Geopolitische Krisen wirken sich tendenziell negativ auf die Aktienmärkte aus
und könnten Investoren dazu bewegen, Kapital aus dem Aktienmarkt abzuziehen und
in den sicheren Hafen der (Staats-)Anleihen umzuschichten. Ein solches Szenario
könnte einen deutlichen Verfall der Renditen bei Staatsanleihen nach sich
ziehen. Weiterhin ist offen, wie weit die Zentralbanken angesichts des Rezessionsszenarios
mit den Zinserhöhungen gehen werden. Die sich abzeichnende Öffnungsstrategie
der Null-Covid-Politik in China dürfte sich nachfragesteigernd auf den Ölmarkt
auswirken, was allerdings die Inflation in den USA und in Europa wiederum
erhöhen würde.
Wie kann man angesichts so vieler Risiko-Szenarien ein robustes Anleihen-Portfolio aufbauen?
Die Basis eines robusten Anleihen-Portfolios bildet eine detaillierte
Titelauswahl, wobei wir gleichermaßen auf eine strategische und eine taktische
Komponente setzen.

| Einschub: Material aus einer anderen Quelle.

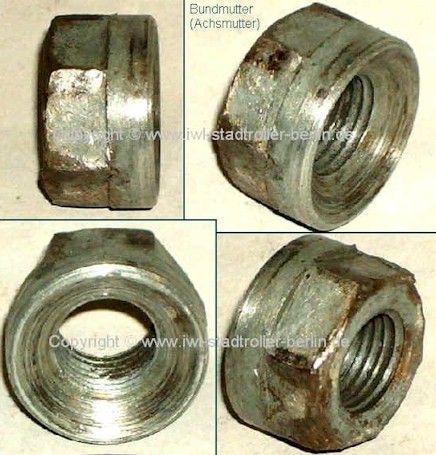 auf der Achse sind zwei Bundmuttern (rechts/ links) und eine 6-Kantmutter M14x1,5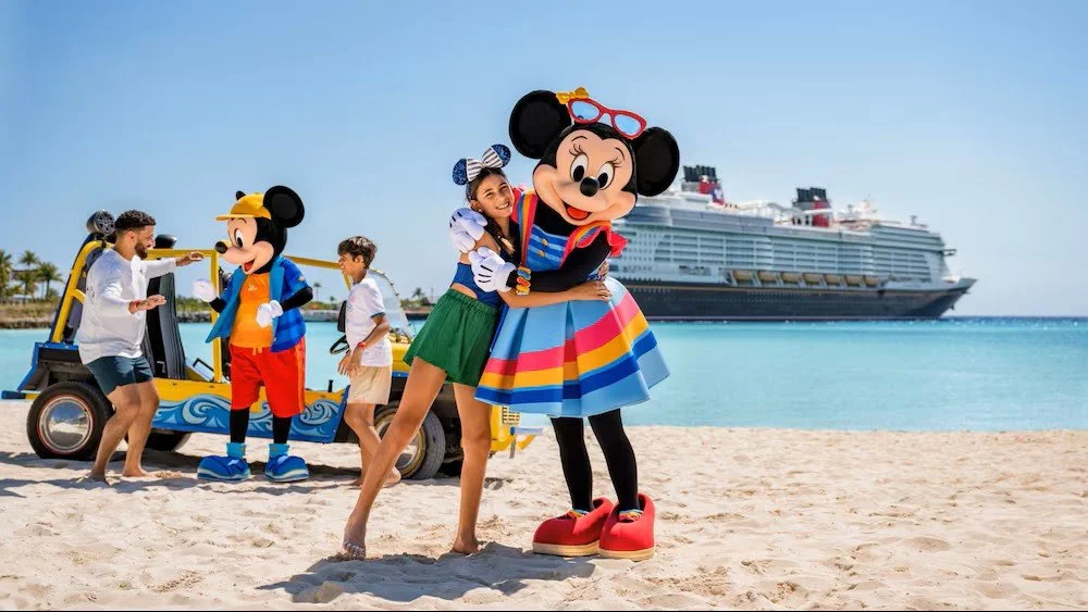 A girl hugging Minnie Mouse with her family in the background talking to Mickey Mouse and a cruise ship in the background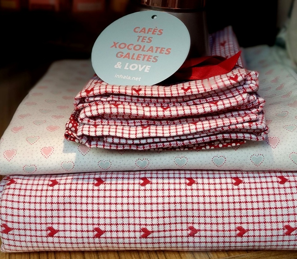El mantel de algodón con corazones “We are Love” de Blanc Maricló mide 150 cm. x 270 cm.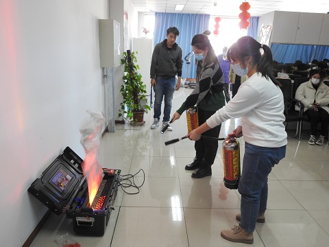 在实际操作环节,同学们在听到指令后,迅速到位,拿起灭火器模拟灭火演练,在最短的时间内成功将火焰扑灭。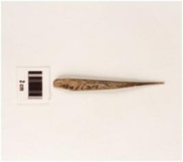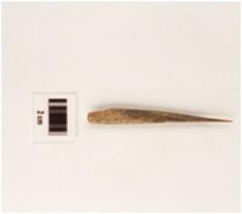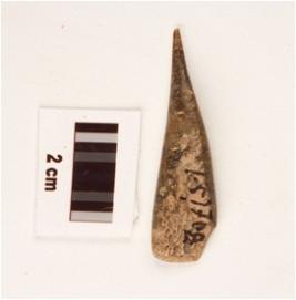 | Description / विवरण | Fragment of bone point, pointed one end, one end flat and other end broken, hightly polished and square in section. |

Die strategische Komponente wäre ein breit gefächertes
Basis-Portfolio aus Staats- und Unternehmensanleihen mit guter Bonität
(Investment Grade). Mit Blick auf die taktische Selektion schaut man nach
Sondersituationen am Markt, auf die es zu reagieren gilt. Ein Beispiel hierfür
ist die Zeichnung von vielversprechenden Neuemissionen.
Eine weitere taktische Stellschraube ist die markphasenabhängige Steuerung des
Währungs-Exposure sowie der Duration mittels Overlay-Management. Buy and hold
ist aus unserer Sicht keine geeignete Strategie, sondern wir zielen darauf ab,
als aktiver Manager mittels Overlay-Management eine zusätzliche Performance zu
generieren. Das bedeutet auch, sich im Rahmen einer aktiven Risikosteuerung
zügig von Positionen zu trennen, die der Portfoliobeimischung nicht mehr
angemessen sind.
Wenn Sie dem Anleihejahr 2022 ein Etikett geben müssten: Was steht drauf?
Mit Blick auf das Jahr 2022 muss man aufgrund des ungewöhnlich starken und schnellen Zinsanstieges von einem „Renten-Crash“ sprechen. Das bevorstehende Jahr 2023 könnte man hingegen mit „ja, aber“ umschreiben. Anleger sollten Anleihen nicht außer Acht lassen. Der Fokus sollte vor allem auf Emittenten mit solider Bonität gesetzt werden, die eine gute Marktstellung und gute Chancen vorweisen können, auch eine Rezession zu überstehen. Allerdings müssen sich Anleger bewusst sein, dass angesichts der Inflation die derzeitigen Zinserhöhungszyklen noch nicht vorbei sind. Wenn die Inflation aber zurückgeht, ist eine Rallye am Rentenmarkt nicht ausgeschlossen.